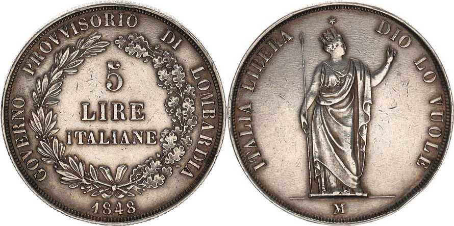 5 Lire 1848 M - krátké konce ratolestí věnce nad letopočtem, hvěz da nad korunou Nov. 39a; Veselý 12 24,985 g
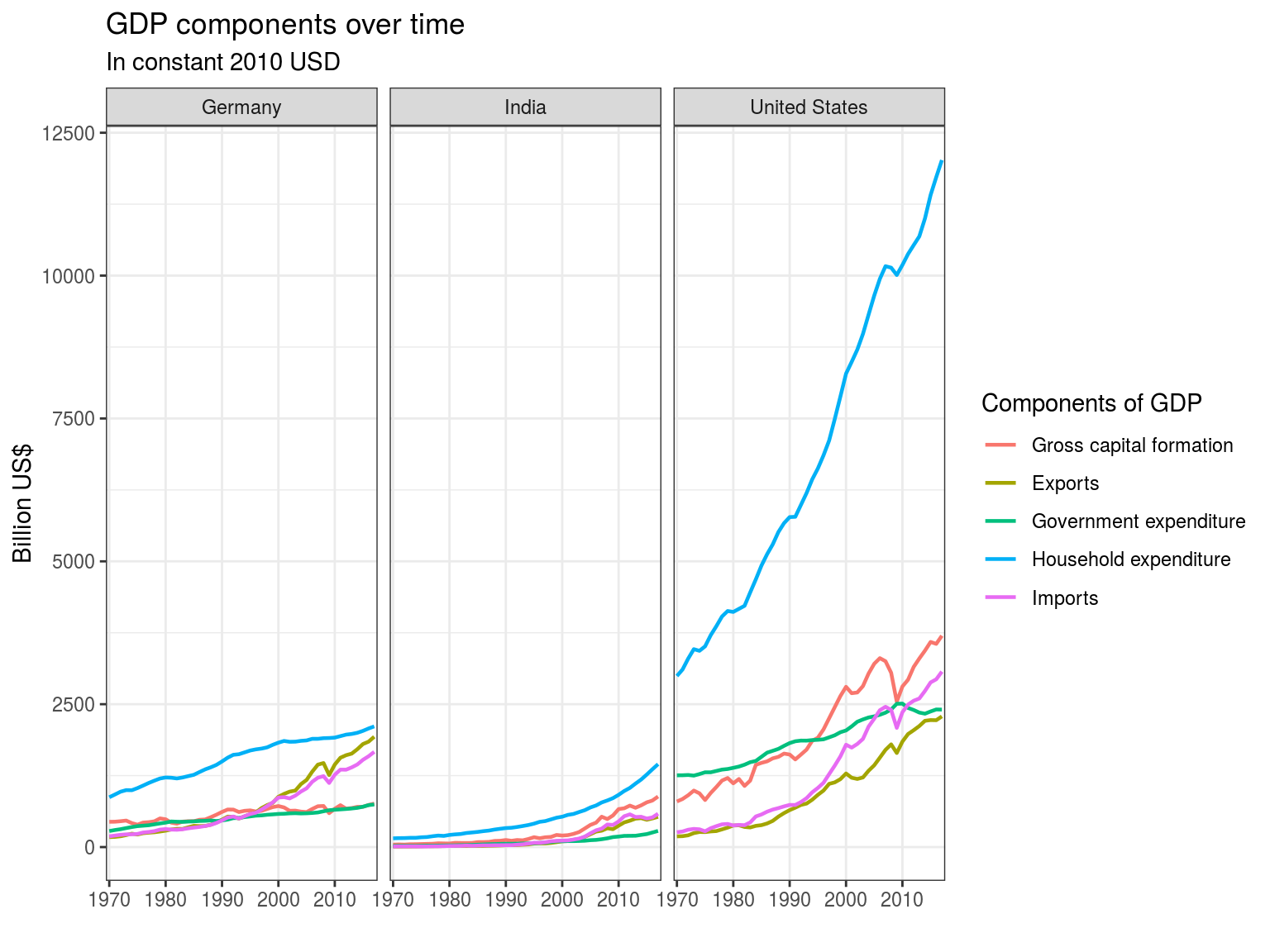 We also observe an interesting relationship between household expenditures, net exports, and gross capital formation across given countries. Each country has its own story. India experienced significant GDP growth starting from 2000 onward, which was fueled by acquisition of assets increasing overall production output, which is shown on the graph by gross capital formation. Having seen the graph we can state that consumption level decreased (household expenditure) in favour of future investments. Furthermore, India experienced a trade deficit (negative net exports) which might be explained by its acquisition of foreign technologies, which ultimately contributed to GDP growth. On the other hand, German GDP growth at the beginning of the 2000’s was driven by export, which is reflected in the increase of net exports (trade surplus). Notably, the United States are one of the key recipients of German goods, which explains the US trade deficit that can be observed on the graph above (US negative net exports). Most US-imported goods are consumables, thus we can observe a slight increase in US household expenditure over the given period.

...

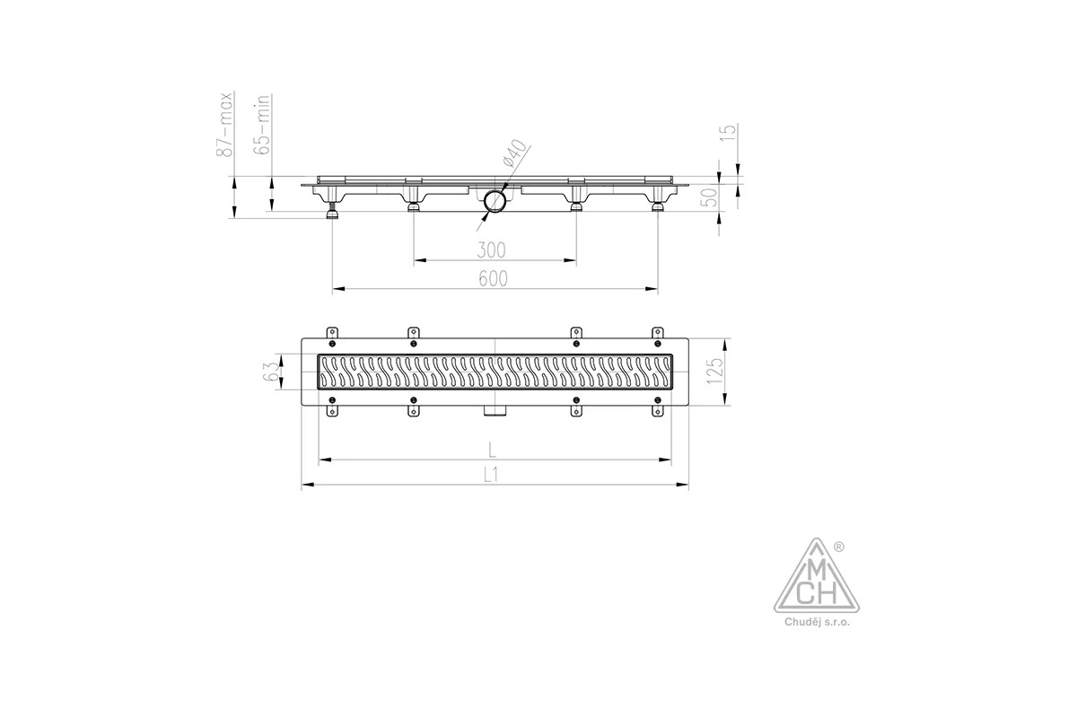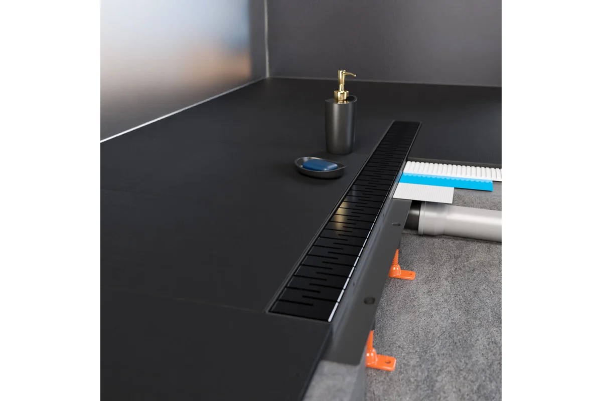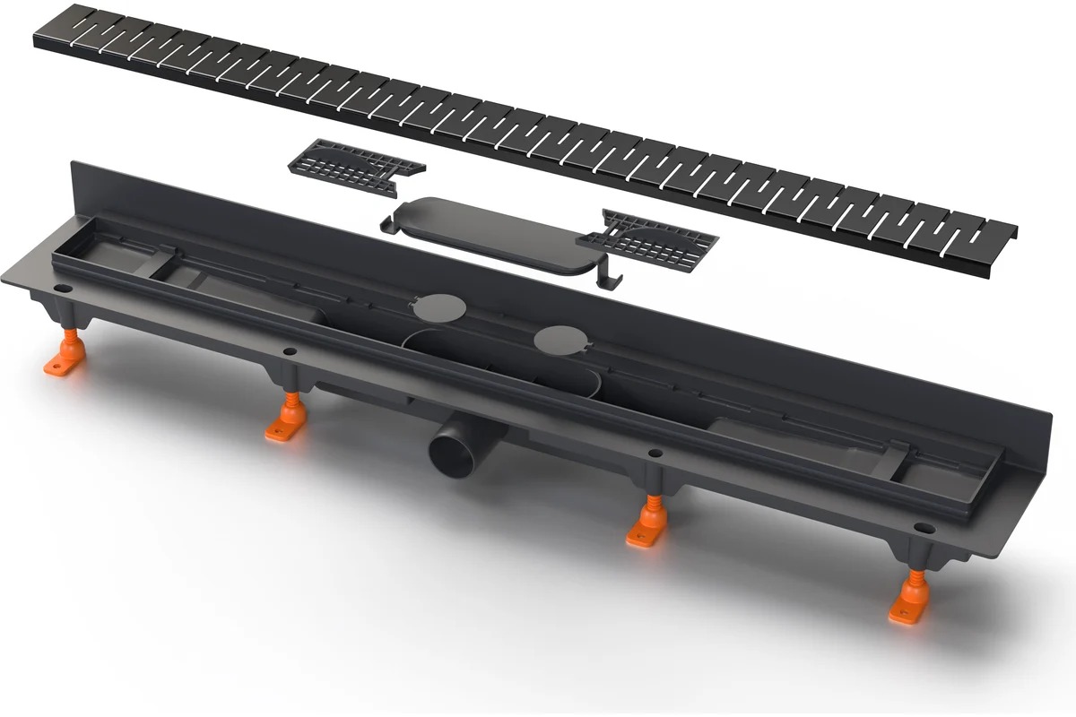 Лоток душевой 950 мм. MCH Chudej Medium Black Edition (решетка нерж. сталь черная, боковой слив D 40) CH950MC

...

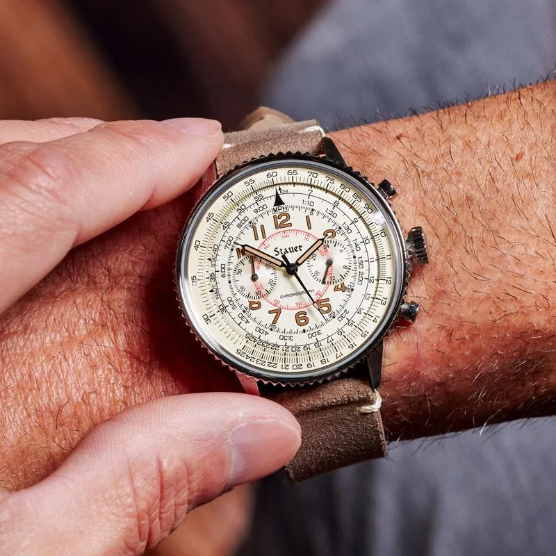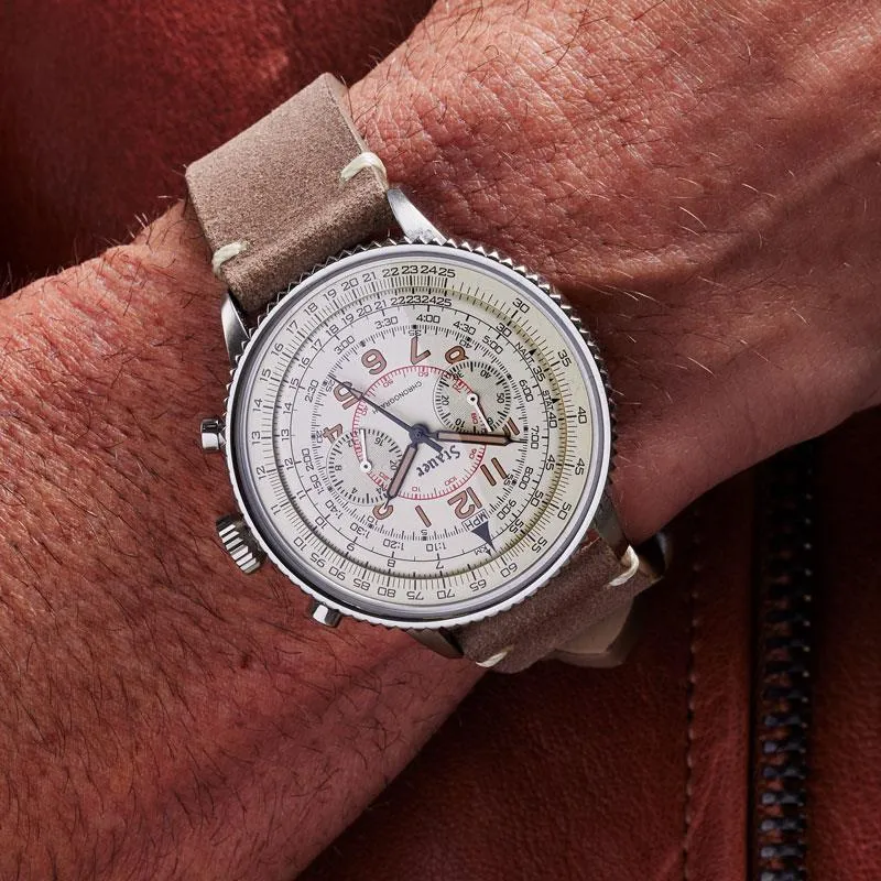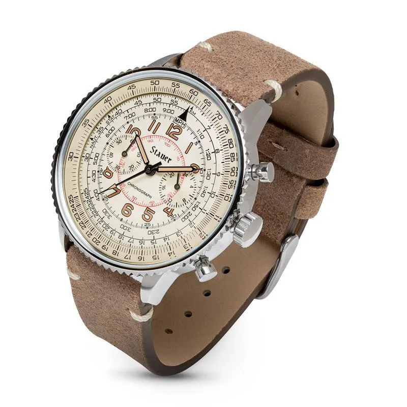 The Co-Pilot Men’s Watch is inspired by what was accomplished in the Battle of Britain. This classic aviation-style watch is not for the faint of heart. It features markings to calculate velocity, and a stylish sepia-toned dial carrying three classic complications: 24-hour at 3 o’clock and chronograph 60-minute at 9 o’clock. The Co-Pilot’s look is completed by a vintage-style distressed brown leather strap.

→ How to complete this task
Output only the lines above from the line that holds "5 Lire 1848" through the line that holds "We also observe", both ends included, and exclude pictures.

→ Answer to this task
 5 Lire 1848 M - krátké konce ratolestí věnce nad letopočtem, hvěz da nad korunou Nov. 39a; Veselý 12 24,985 g
 We also observe an interesting relationship between household expenditures, net exports, and gross capital formation across given countries. Each country has its own story. India experienced significant GDP growth starting from 2000 onward, which was fueled by acquisition of assets increasing overall production output, which is shown on the graph by gross capital formation. Having seen the graph we can state that consumption level decreased (household expenditure) in favour of future investments. Furthermore, India experienced a trade deficit (negative net exports) which might be explained by its acquisition of foreign technologies, which ultimately contributed to GDP growth. On the other hand, German GDP growth at the beginning of the 2000’s was driven by export, which is reflected in the increase of net exports (trade surplus). Notably, the United States are one of the key recipients of German goods, which explains the US trade deficit that can be observed on the graph above (US negative net exports). Most US-imported goods are consumables, thus we can observe a slight increase in US household expenditure over the given period.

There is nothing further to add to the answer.